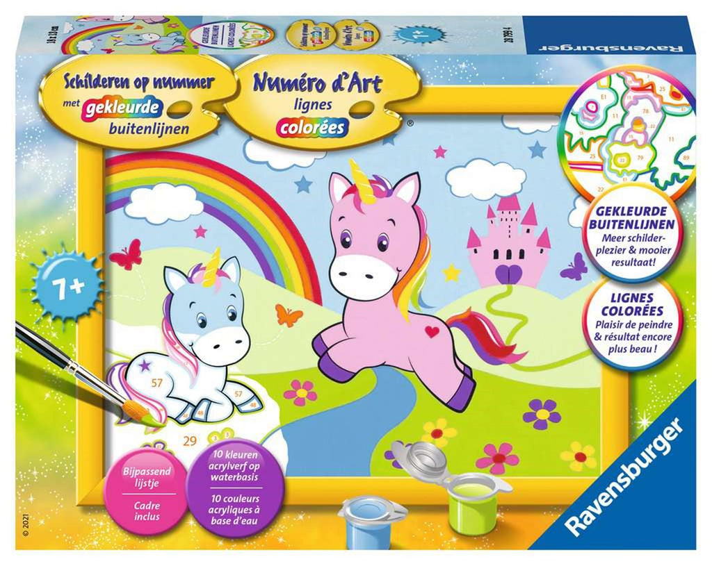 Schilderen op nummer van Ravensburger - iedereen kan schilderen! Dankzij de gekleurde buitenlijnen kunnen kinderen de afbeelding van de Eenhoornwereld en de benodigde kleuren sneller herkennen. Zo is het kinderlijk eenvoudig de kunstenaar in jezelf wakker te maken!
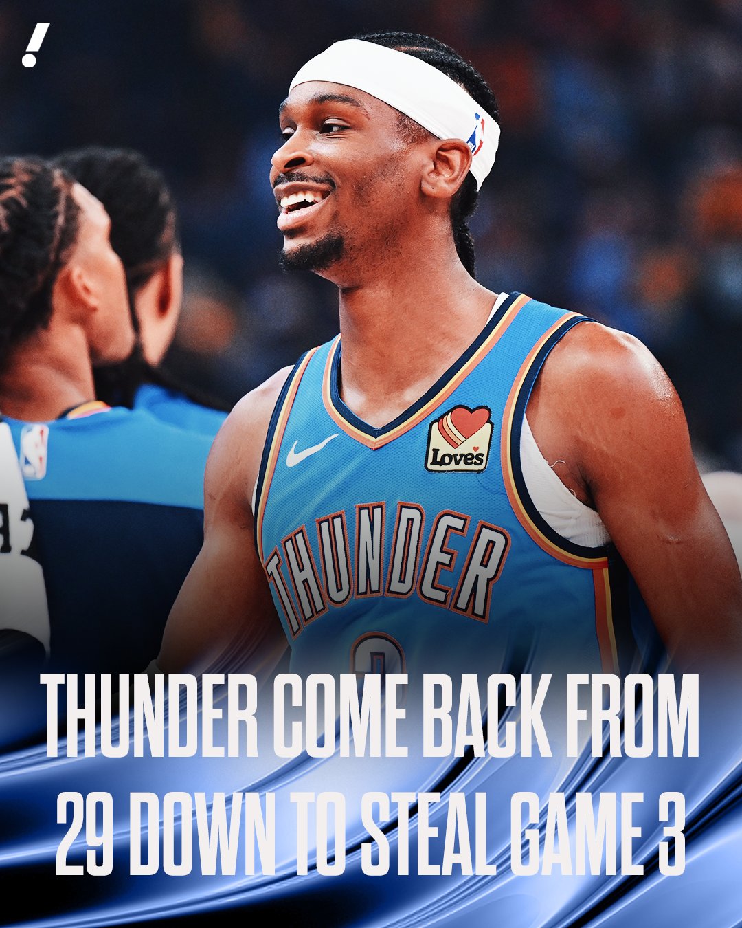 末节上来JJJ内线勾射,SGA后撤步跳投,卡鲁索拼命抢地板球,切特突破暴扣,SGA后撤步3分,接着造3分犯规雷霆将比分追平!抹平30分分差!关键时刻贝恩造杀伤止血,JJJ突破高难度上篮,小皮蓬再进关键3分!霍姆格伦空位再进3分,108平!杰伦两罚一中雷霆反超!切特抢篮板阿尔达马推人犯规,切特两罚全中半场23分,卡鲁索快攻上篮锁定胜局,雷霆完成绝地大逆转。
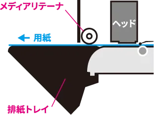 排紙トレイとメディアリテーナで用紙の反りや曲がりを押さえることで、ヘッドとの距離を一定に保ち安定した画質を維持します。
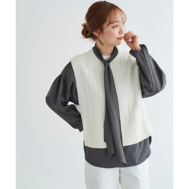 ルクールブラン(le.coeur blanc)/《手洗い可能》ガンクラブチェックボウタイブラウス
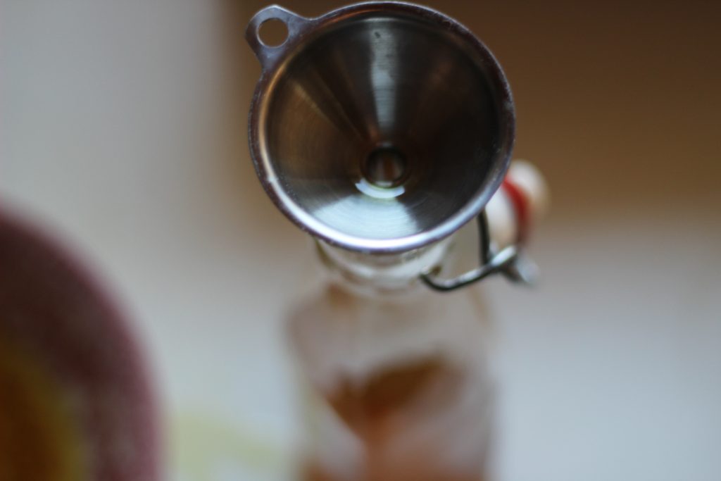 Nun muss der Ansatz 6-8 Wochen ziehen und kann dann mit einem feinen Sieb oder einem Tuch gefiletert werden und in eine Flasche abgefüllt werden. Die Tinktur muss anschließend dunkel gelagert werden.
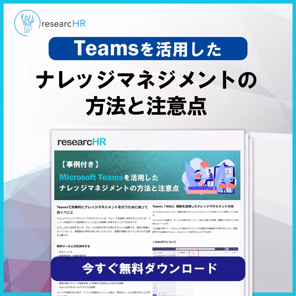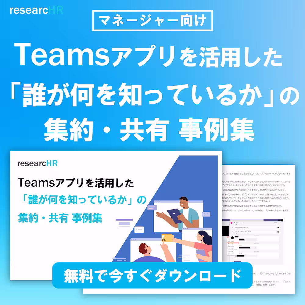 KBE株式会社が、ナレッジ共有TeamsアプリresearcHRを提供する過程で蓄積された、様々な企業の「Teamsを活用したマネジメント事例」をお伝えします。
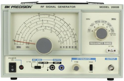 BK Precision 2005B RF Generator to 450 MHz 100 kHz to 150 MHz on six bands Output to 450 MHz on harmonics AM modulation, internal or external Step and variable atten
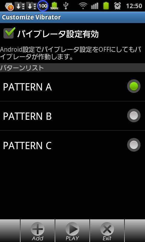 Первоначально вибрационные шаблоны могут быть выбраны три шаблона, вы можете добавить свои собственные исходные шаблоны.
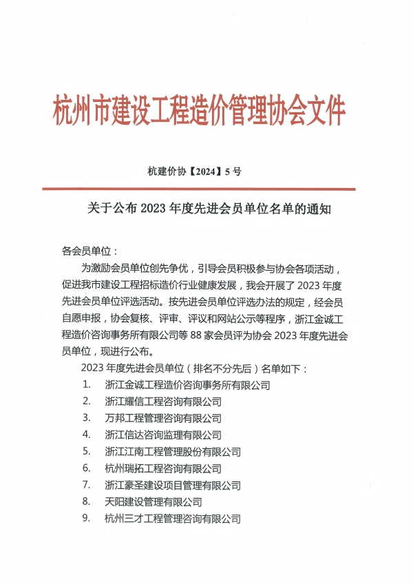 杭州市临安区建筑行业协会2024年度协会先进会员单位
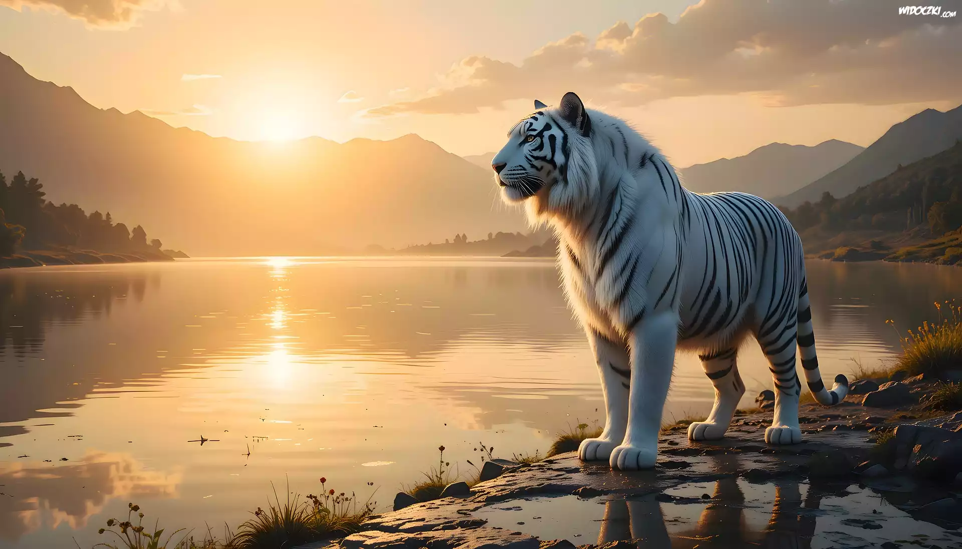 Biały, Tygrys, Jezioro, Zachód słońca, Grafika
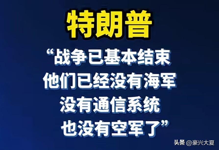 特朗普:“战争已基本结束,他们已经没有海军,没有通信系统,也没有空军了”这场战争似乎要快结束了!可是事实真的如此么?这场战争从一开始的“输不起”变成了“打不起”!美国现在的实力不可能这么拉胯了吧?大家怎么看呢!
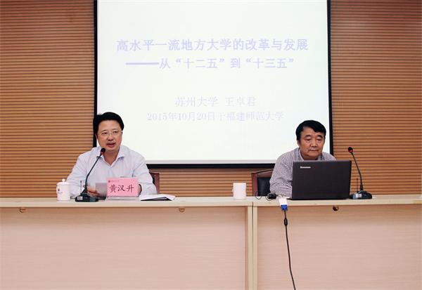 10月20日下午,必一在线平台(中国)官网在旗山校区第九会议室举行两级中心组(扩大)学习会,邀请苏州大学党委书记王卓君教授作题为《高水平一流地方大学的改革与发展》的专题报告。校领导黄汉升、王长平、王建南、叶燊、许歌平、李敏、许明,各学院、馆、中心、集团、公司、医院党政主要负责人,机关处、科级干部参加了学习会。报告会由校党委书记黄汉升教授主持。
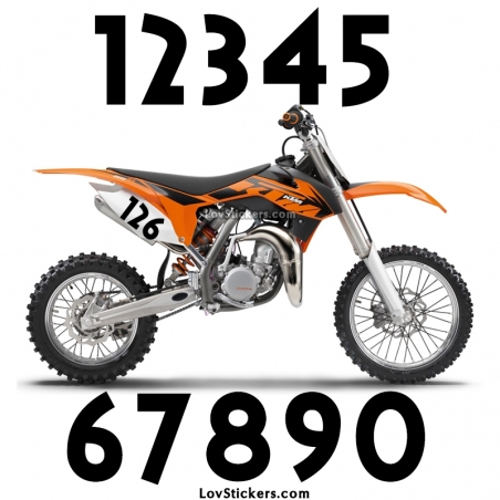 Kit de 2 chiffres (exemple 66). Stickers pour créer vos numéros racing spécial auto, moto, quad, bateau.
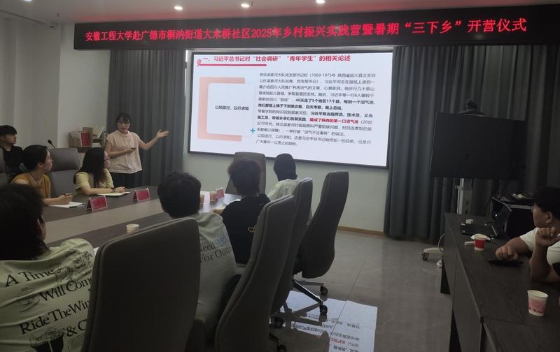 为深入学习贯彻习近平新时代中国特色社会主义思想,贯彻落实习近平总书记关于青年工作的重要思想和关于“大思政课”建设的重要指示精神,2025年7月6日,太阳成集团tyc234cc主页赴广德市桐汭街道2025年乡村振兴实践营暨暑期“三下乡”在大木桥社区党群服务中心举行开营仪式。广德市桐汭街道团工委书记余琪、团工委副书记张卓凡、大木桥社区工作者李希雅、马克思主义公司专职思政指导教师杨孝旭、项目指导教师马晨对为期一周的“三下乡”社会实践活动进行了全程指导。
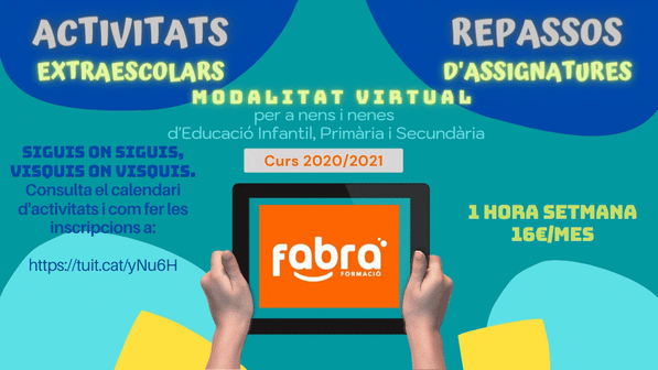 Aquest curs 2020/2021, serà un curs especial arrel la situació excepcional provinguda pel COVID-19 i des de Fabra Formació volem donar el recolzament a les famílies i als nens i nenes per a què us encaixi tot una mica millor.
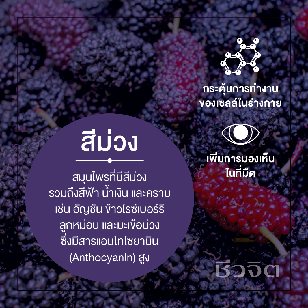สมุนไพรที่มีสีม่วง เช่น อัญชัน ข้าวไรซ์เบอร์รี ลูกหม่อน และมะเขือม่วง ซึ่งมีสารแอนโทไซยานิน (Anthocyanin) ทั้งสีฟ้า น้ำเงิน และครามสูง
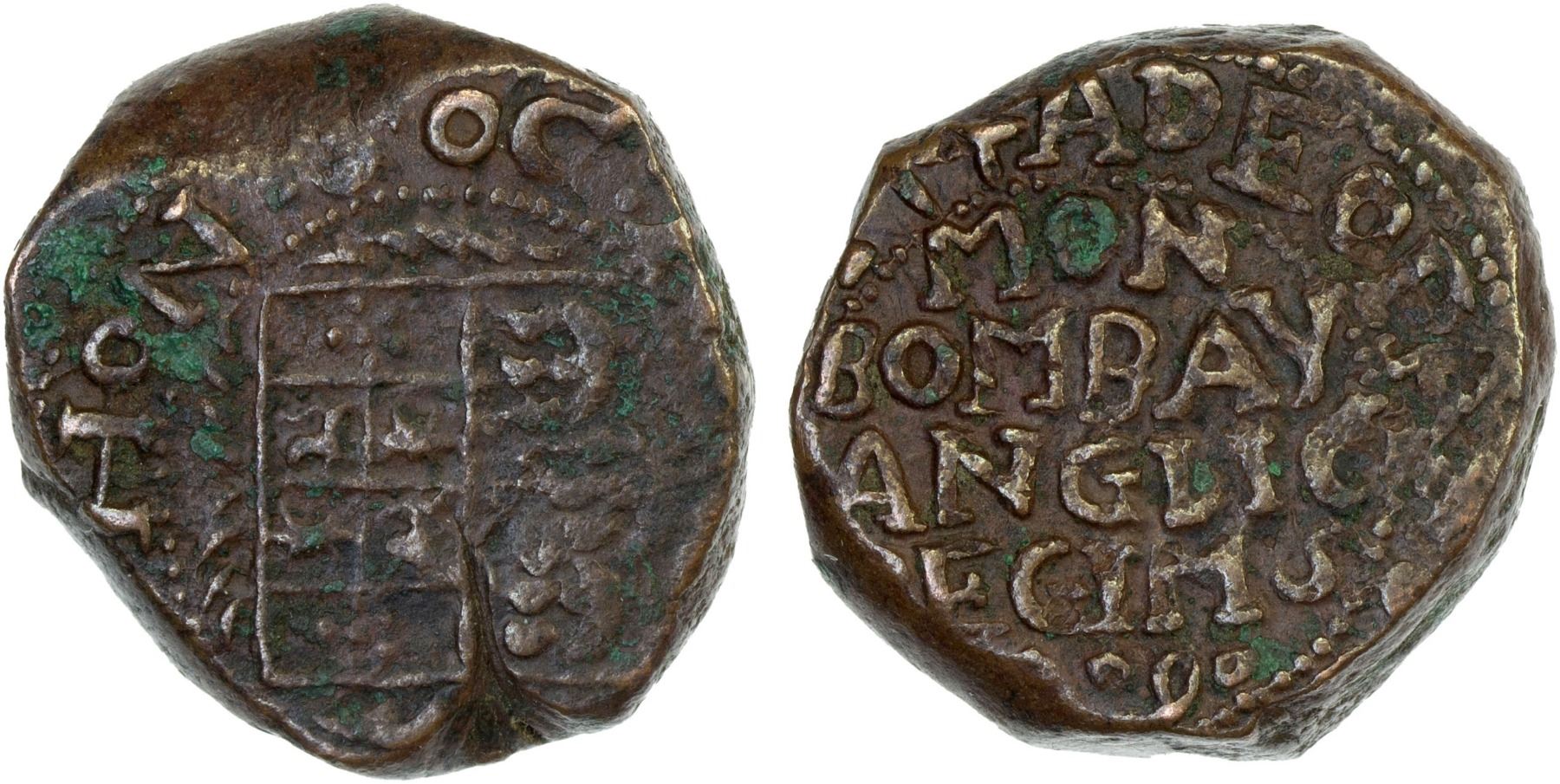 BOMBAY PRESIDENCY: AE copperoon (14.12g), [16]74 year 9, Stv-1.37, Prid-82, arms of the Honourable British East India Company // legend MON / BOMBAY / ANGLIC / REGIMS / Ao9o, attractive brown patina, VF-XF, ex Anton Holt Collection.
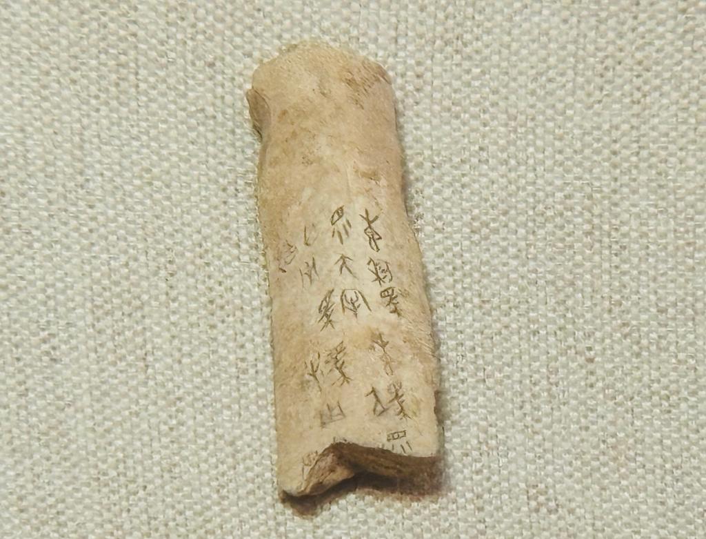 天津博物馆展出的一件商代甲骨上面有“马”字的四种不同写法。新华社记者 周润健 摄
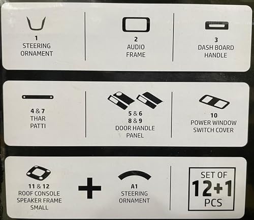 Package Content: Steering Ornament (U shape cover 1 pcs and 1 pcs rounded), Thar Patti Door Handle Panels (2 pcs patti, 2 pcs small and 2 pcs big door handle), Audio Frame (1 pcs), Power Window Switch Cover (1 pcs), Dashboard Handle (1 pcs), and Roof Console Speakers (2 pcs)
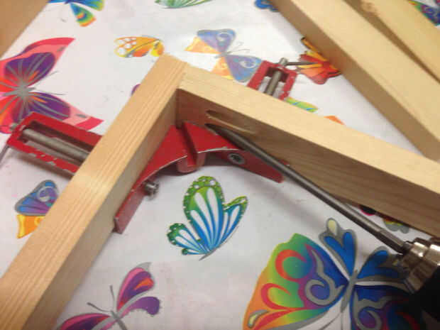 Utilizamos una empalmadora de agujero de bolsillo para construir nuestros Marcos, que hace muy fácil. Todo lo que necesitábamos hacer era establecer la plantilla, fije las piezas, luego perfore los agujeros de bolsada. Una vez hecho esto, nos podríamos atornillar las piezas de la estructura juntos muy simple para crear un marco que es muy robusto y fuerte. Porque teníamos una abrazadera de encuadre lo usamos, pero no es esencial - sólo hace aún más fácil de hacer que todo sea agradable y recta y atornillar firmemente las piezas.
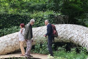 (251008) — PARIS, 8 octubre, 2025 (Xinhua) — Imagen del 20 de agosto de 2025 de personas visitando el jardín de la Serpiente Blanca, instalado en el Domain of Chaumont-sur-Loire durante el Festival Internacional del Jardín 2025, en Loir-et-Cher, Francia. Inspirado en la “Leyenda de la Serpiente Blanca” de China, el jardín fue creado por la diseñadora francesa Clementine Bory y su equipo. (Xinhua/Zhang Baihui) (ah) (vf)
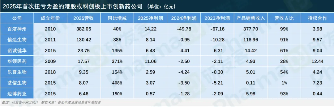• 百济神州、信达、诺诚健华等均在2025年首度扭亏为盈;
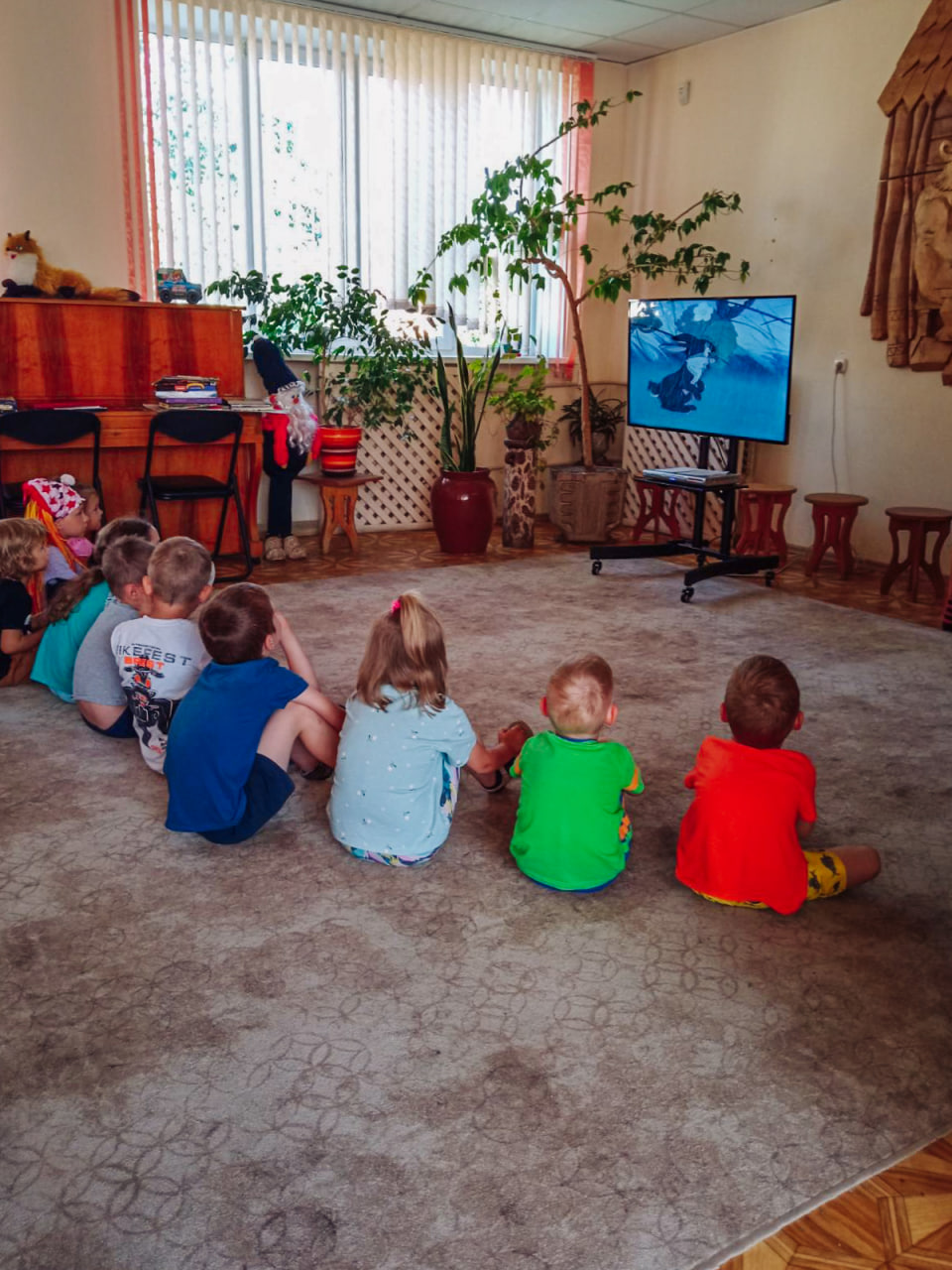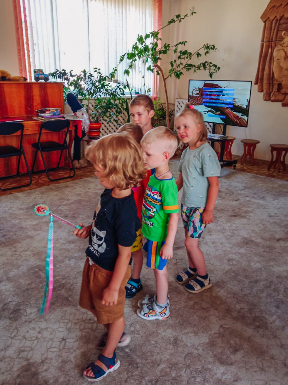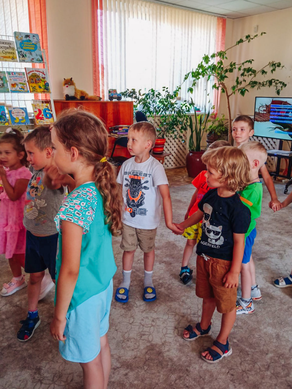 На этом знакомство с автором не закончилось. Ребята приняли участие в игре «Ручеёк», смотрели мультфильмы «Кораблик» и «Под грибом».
-.-.-
● TASK ITEM: Output exactly the lines above that lie between the line with "10月20日下午,必一在线平" and the line with "Aquest curs 2020/2021, serà", those two lines included, and no pictures.

● REPLY:
 10月20日下午,必一在线平台(中国)官网在旗山校区第九会议室举行两级中心组(扩大)学习会,邀请苏州大学党委书记王卓君教授作题为《高水平一流地方大学的改革与发展》的专题报告。校领导黄汉升、王长平、王建南、叶燊、许歌平、李敏、许明,各学院、馆、中心、集团、公司、医院党政主要负责人,机关处、科级干部参加了学习会。报告会由校党委书记黄汉升教授主持。
 Kit de 2 chiffres (exemple 66). Stickers pour créer vos numéros racing spécial auto, moto, quad, bateau.
 为深入学习贯彻习近平新时代中国特色社会主义思想,贯彻落实习近平总书记关于青年工作的重要思想和关于“大思政课”建设的重要指示精神,2025年7月6日,太阳成集团tyc234cc主页赴广德市桐汭街道2025年乡村振兴实践营暨暑期“三下乡”在大木桥社区党群服务中心举行开营仪式。广德市桐汭街道团工委书记余琪、团工委副书记张卓凡、大木桥社区工作者李希雅、马克思主义公司专职思政指导教师杨孝旭、项目指导教师马晨对为期一周的“三下乡”社会实践活动进行了全程指导。
 Aquest curs 2020/2021, serà un curs especial arrel la situació excepcional provinguda pel COVID-19 i des de Fabra Formació volem donar el recolzament a les famílies i als nens i nenes per a què us encaixi tot una mica millor.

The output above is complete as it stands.